Выбрать главу

Читая эти статьи, вы сами убедитесь, насколько суженной проблема сублимации предстает в такой перспективе и насколько наивными оказываются полученные на этом пути результаты. Положительная ценность приписывается видам деятельности, связанным с раскрытием, более или менее преходящим, пресловутых артистических дарований, которые представляются в рассматриваемых случаях более чем сомнительными. Совершенно в стороне при этом остается то, чему, говоря о так называемой художественной продукции, нужно уделять, как и делал это парадоксальным образом, что как раз многих авторов до сих пор удивляет, сам Фрейд, первоочередное внимание — я имею в виду общественное признание. Объекты эти играют важную роль в чем-то таком, что хотя и не анализируется Фрейдом с желательной для нас полнотой, но бесспорно связывается им с мыслью об определенном прогрессе — понятие, Бог свидетель, у Фрейда далеко не линейное, — с определенным возвышением чего-то такого, что получает признание в обществе. Я не буду пока дальше эту мысль развивать. Достаточно указать на то, что Фрейд артикулирует ее способом, который представляется метапсихологическому регистру совершенно чуждым.

Обратите внимание, что невозможно дать сублимации в искусстве правильную оценку, не задумавшись над тем фактом, что всякая художественная продукция, в особенности если речь идет об изящных искусствах, исторически датирована. В эпоху Пикассо не пишут так, как писали во времена Веласкеса, в 1930 году нельзя писать роман так, как делали это во времена Стендаля. Это момент абсолютно существенный, и нам не нужно пока решать, относится он к регистру индивидуального или коллективного — достаточно будет отнести его к регистру культурного. Что удовлетворительного может в нем найти общество? Именно об этом мы и задаемся сейчас вопросом.

Именно здесь кроется проблема сублимации, связанная с тем, что она создает определенное число форм, в том числе и искусство — нас, впрочем, будет занимать лишь один его вид, искусство литературное, столь близкое к интересующей нас области этики. Ибо именно в связи с этической проблемой приходится нам об этой сублимации, как творческом истоке пресловутых получивших общественное признание ценностей, выносить суждение.
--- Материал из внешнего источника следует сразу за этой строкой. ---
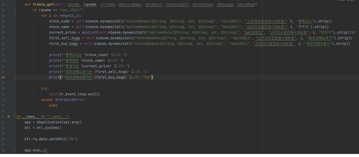 56줄 : 25줄의 함수(rq_data_opt10011)를 실행한다.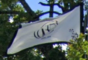 The flag is a white field with a black outline. In the center is the community logo, with the establishment year underneath.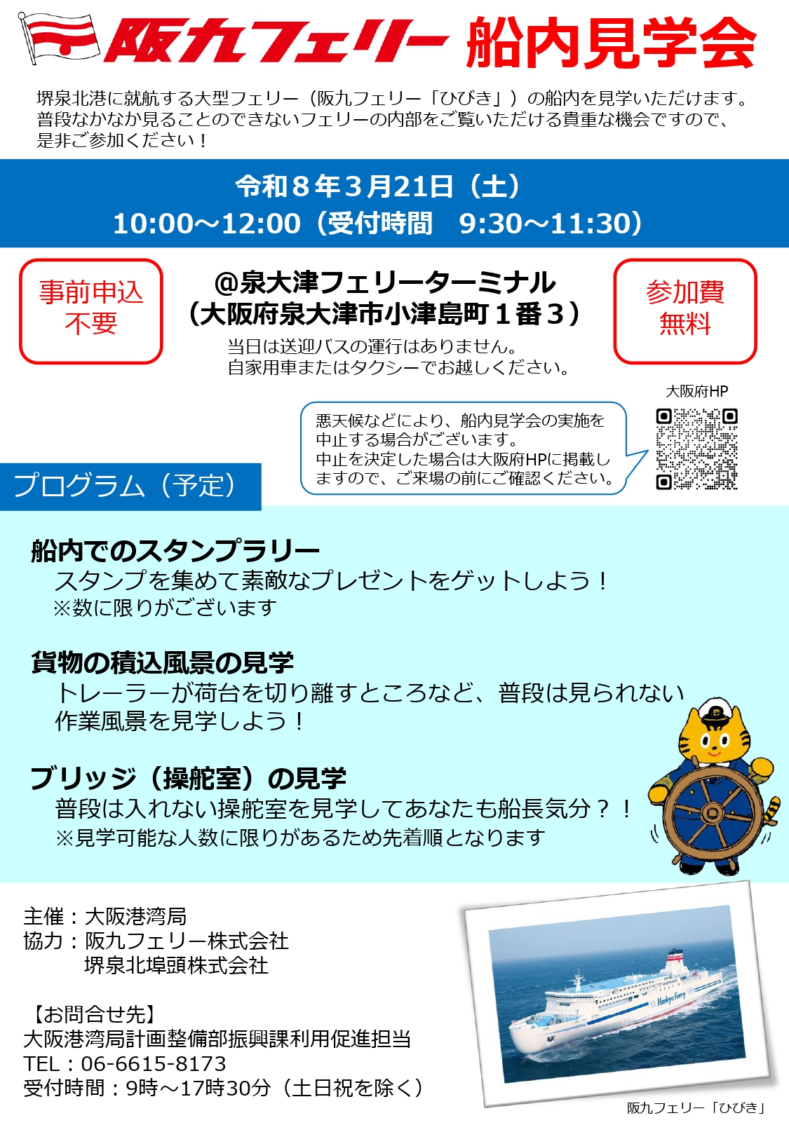 ・中止を決定した場合は大阪港湾局ホームページおよび阪九フェリー株式会社ホームページに掲載します。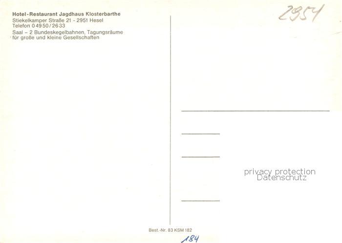 73757798 Hesel Ostfriesland Jagdhaus Klosterbarthe postalisch nicht gelaufen Erhaltung siehe scans [LiesaD40] KatCode: 11110003457010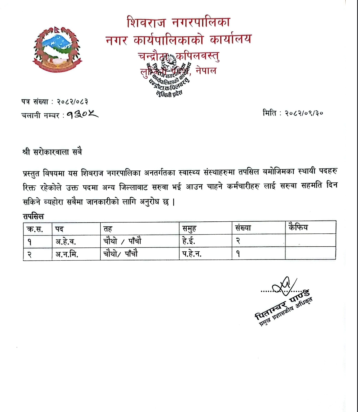 नियुक्तिका लागि सिफारिस गरिएको सूचना।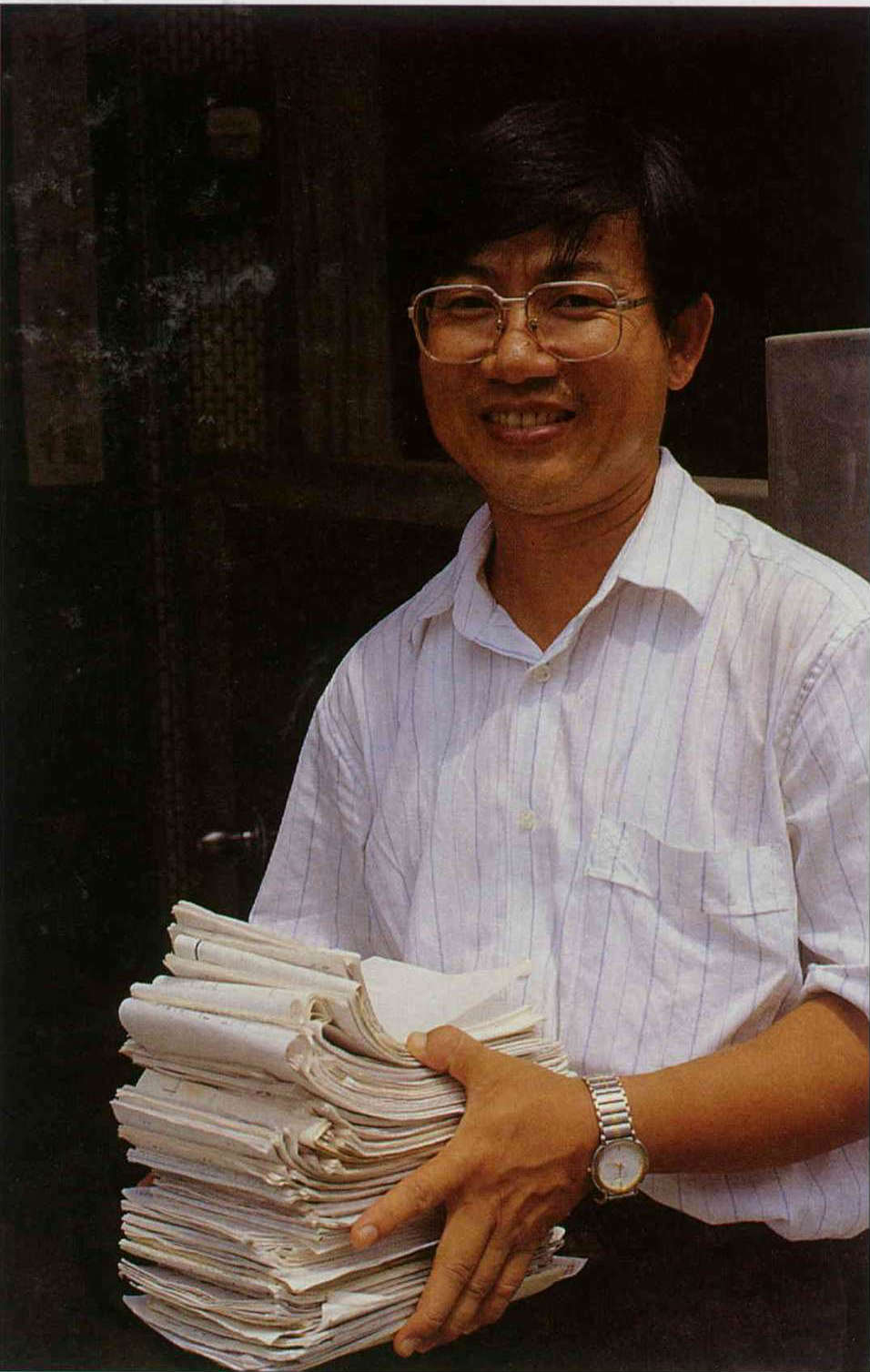 早上八點之前,四十三歲的洪敏聰一如公務人員準時上班。現任澎湖縣政府社會科社會行政股股長的他,負責縣內一百三十多個人民團體的管理、溝通以及墓地遷葬火化推廣等工作。批完近一尺高的公文,下午他還要去參加幾個社團的會員大會。人們口中戲稱「穿得水水,吃得肥肥,裝得錘錘」的公務員寫照,完全不適合用在他身上。好不容易忙完公事,回家取了錄音機、筆記本,就趕著搭上馬公往西嶼的公車。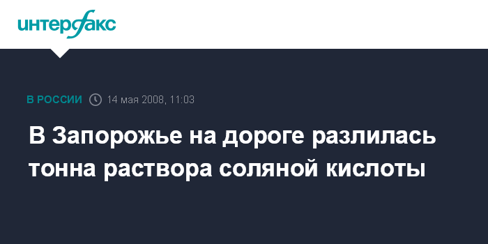 Москва. 14 мая. INTERFAX.RU – В Запорожье во время перевозки с завода "Кремнийполимер" 17 пластиковых емкостей с 30-процентным раствором соляной кислоты на дорогу вытекло 980 кг раствора. Жилых и административных зданий вблизи места разлива нет.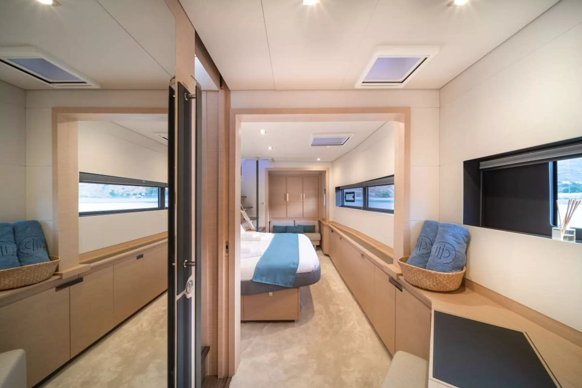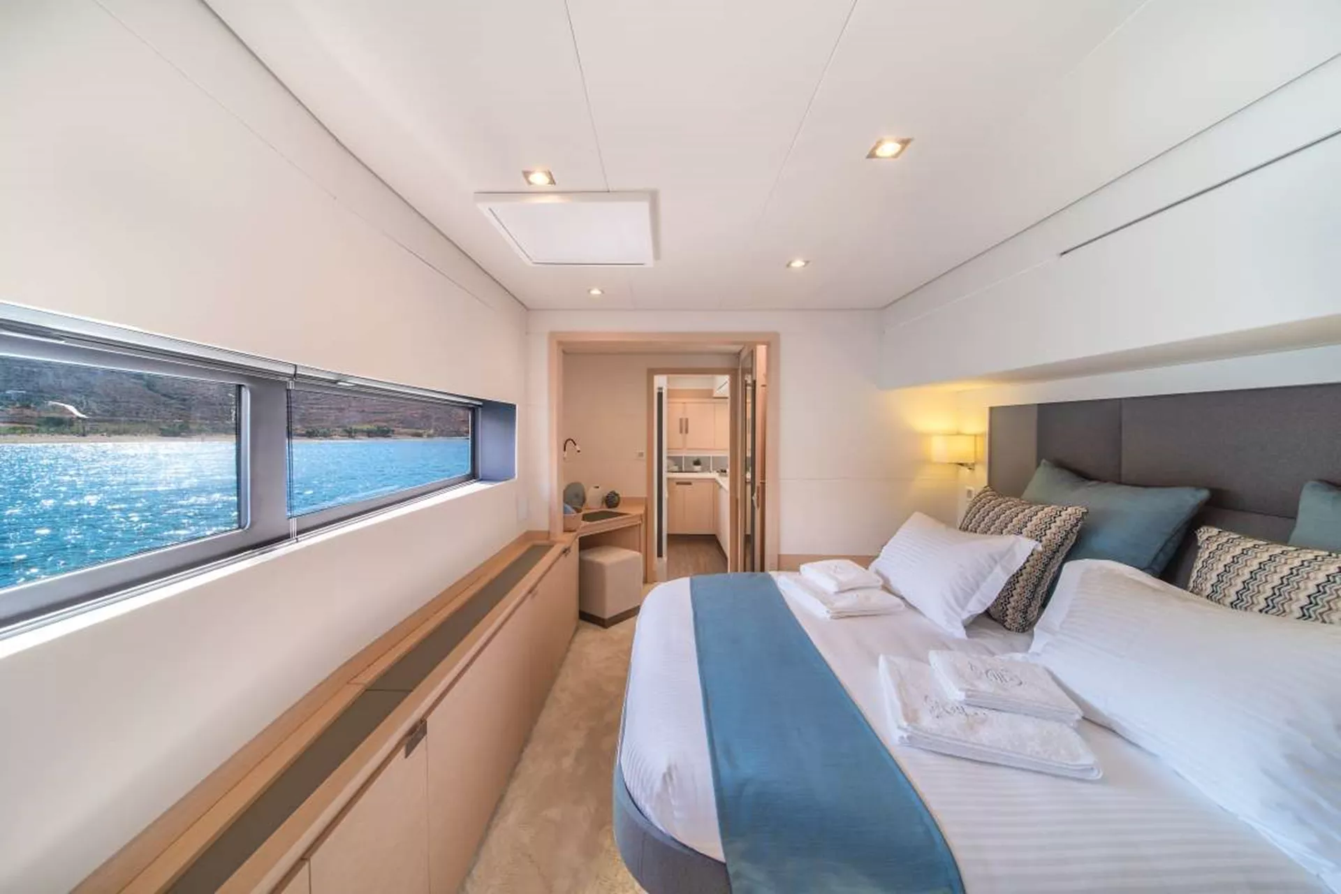 Her interior is stunningly modern and incredibly spacious, ensuring the utmost in comfort and luxury. She accommodates up to eight guests in four cabins, including one owner’s suite and three queen-bed cabins, each with a private bathroom. The flybridge and forward deck provide ample space for sunbathing and relaxation, while the aft cockpit is ideal for socializing and alfresco dining.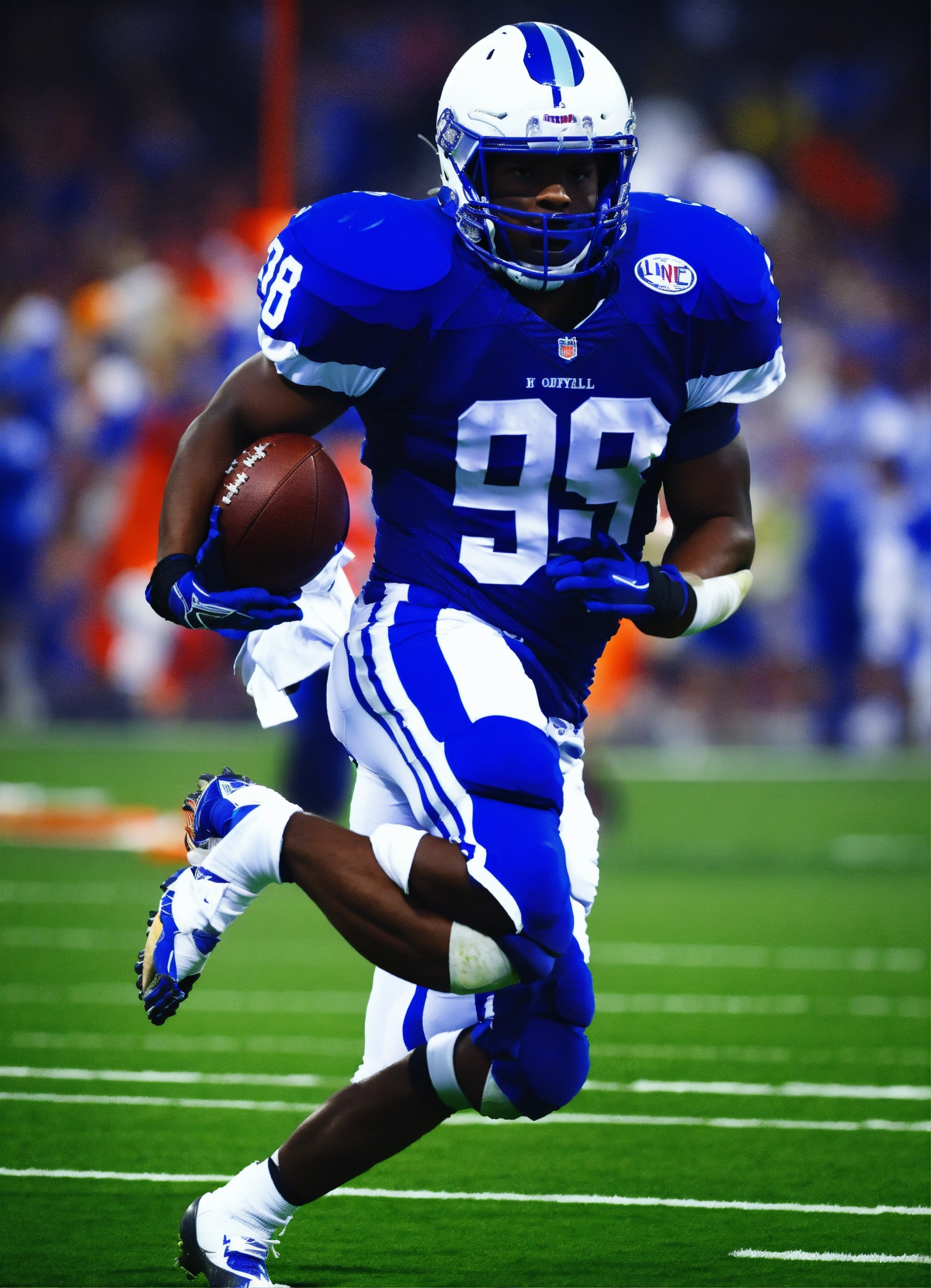 Lexica Football player line backer lightining team team colors royal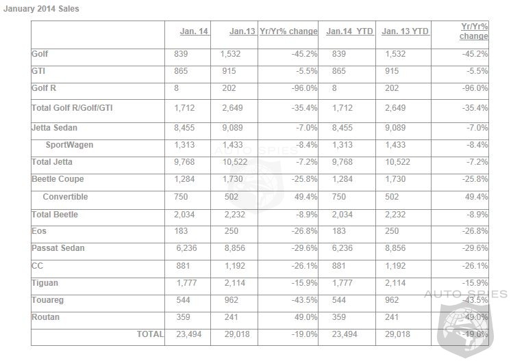 “With our planned wind down of models in run-out, our January sales results were expectedly impacted,” said Mark Barnes, Vice President, Sales, Volkswagen of America, Inc. “Nonetheless, we’re optimistic we will see a steady pace in the months ahead as our Super Bowl advertisement, “Wings,” continues to raise awareness of the reliability and durability of our products, and we prepare to launch the next generation Golf family of vehicles.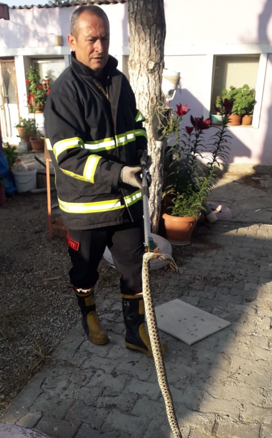 Olay yerine yılan yakalama aparatları ile gelen itfaiyeciler, önce kısa bir araştırmanın ardından Yılanın bulunduğu yeri tespit ettiler. Yarım saatlik bir çalışma sonunda Yılanı boğduğu güvercinlerin olduğu yerde yakaladılar. Yılanın yakalanmasıyla çay bahçesi çalışanları rahat bir nefes alırken, Yılandan uzak bir mevkide doğaya salındı.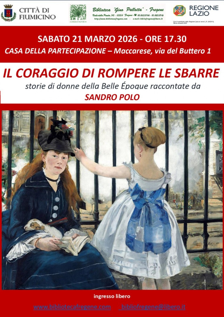 “Il coraggio di rompere le sbarre: storie di donne della Belle Époque” sarà il tema dell’incontro con lo storico dell’arte Sandro Polo, organizzato dalla Biblioteca “Gino Pallotta”, in programma sabato 21 marzo 2026 alle ore 17.30 presso la Casa della Partecipazione a Maccarese (via del Buttero, 1) .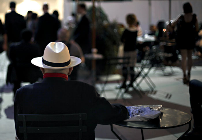 Modeveckan pågår där inne. Utanför trippar vackra kvinnor på höga klackar. Och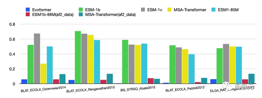 (4)与ESM-1b和MSA-Transformer相比, Evoformer在零样本突变任务上表现很差。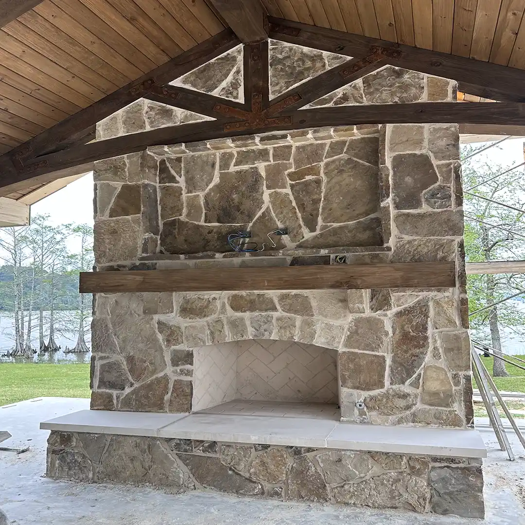 Fireplace hearths and mantels from Garden Path Stone Center add timeless charm and functionality to both indoor and outdoor fireplaces.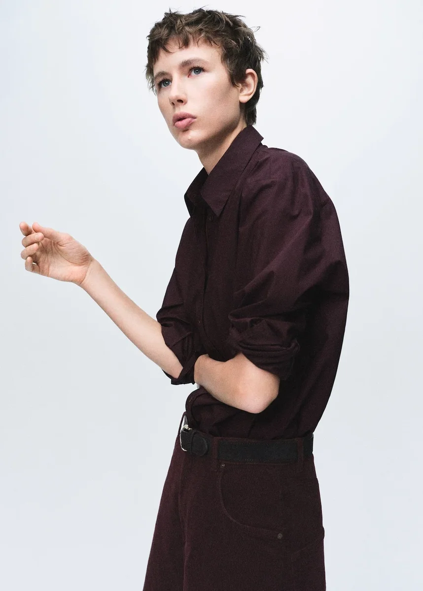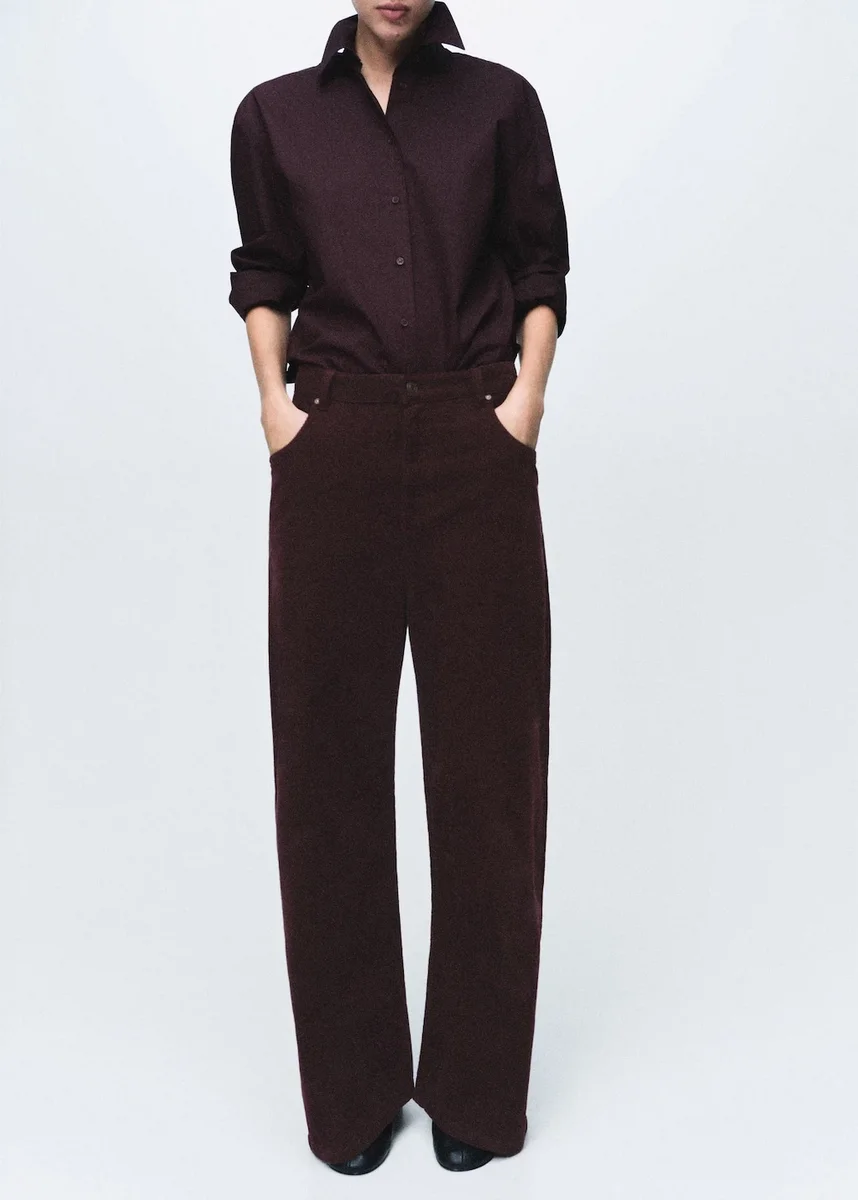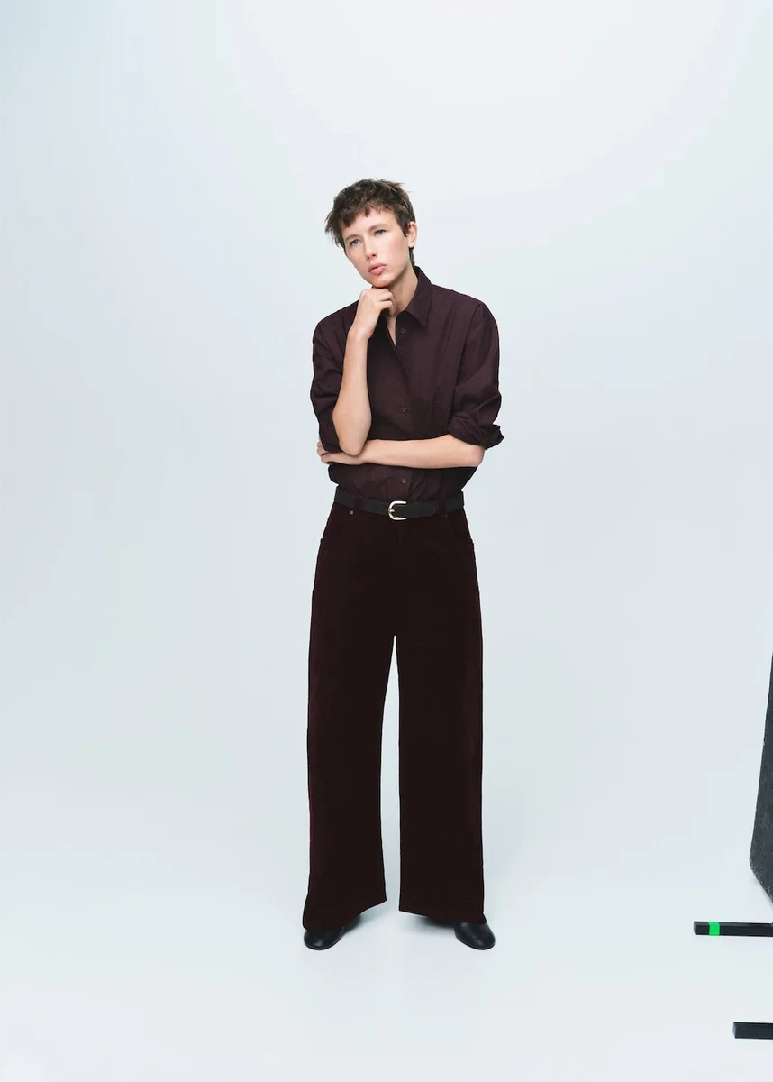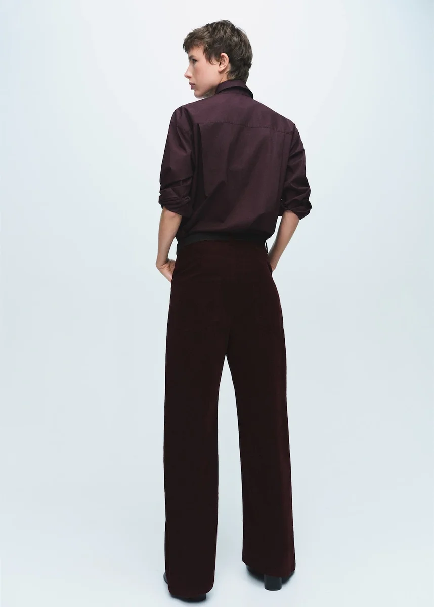 Manšestrová tkanina. Dlouhý střih. Široké nohavice. Nízký pas. Poutka na opasek. Pět kapes. Zapínání na knoflík a zip. Pohodlná tkanina s elasticitou.

Чтобы взглянуть на вещи с точки зрения этики, лучше всего исходить из того, что при всей парадоксальности своей стало для этой области стержневой концепцией — я имею в виду кантианскую перспективу.

Итак, с одной стороны налицо das Ding, лежащая, будем надеяться, на правильной чаше весов. С другой, мы имеем противопоставленную ей кантовскую формулу долга. Она тоже имеет вес. Кант вводит правило поведения, которое применимо для всех, другими словами, он кладет на чашу весов разум. Нужно, конечно, еще показать при этом, каким образом разум может иметь вес.

Когда обращаешься непосредственно к авторам, это всегда дает очень много. Как-то недавно я сослался мимоходом на то место у Канта, где говорится о Schmerz, страдании, как коррелятиве этического поступка. Мне показалось, что даже те из вас, которые имели случай тексты Канта основательно изучать, на место это не обратили внимания. Так вот, открыв Критику практического разума вы увидите, что Кант, пытаясь убедить нас, что разум имеет реальный вес, придумывает великолепный по свежести своей пример, своего рода двойную апологию, историю, призванную дать почувствовать вес этического принципа в чистом его виде, возможность того, что долг возобладает вопреки всему, то есть вопреки всякому благу, представляющемуся с витальной точки зрения как желательное.

Все доказательство строится на сравнении двух ситуаций. Представьте себе, говорит Кант, что мы, пытаясь сдержать человека в чрезмерной погоне за наслаждениями, ставим его в следующее положение. Перед ним, в комнате, находится дама, которая служит на данный момент предметом его вожделений. Он свободен войти в эту комнату и свое желание, или потребность, удовлетворить, но при выходе его ждет смерть на виселице. Дело, конечно, не в этом, и вовсе не на этом покоится кантовская мораль. Вы сейчас увидите, в чем соль доказательства состоит. То, что виселица послужит достаточным препятствием, у Канта сомнений не вызывает — вряд ли кто сможет трахаться с мыслью об ожидающей его при выходе виселице. Тут же философ предлагает еще одну ситуацию с трагической развязкой — на этот раз речь идет о тиране, который предлагает человеку выбор между виселицей и милостями, ждущими его при условии, что тот согласится лжесвидетельствовать против своего друга. Кант справедливо полагает, что нетрудно себе представить человека, который отдал бы жизнь, чтобы лжесвидетельства не приносить, особенно если это последнее будет иметь для того, против кого оно направлено, роковые последствия.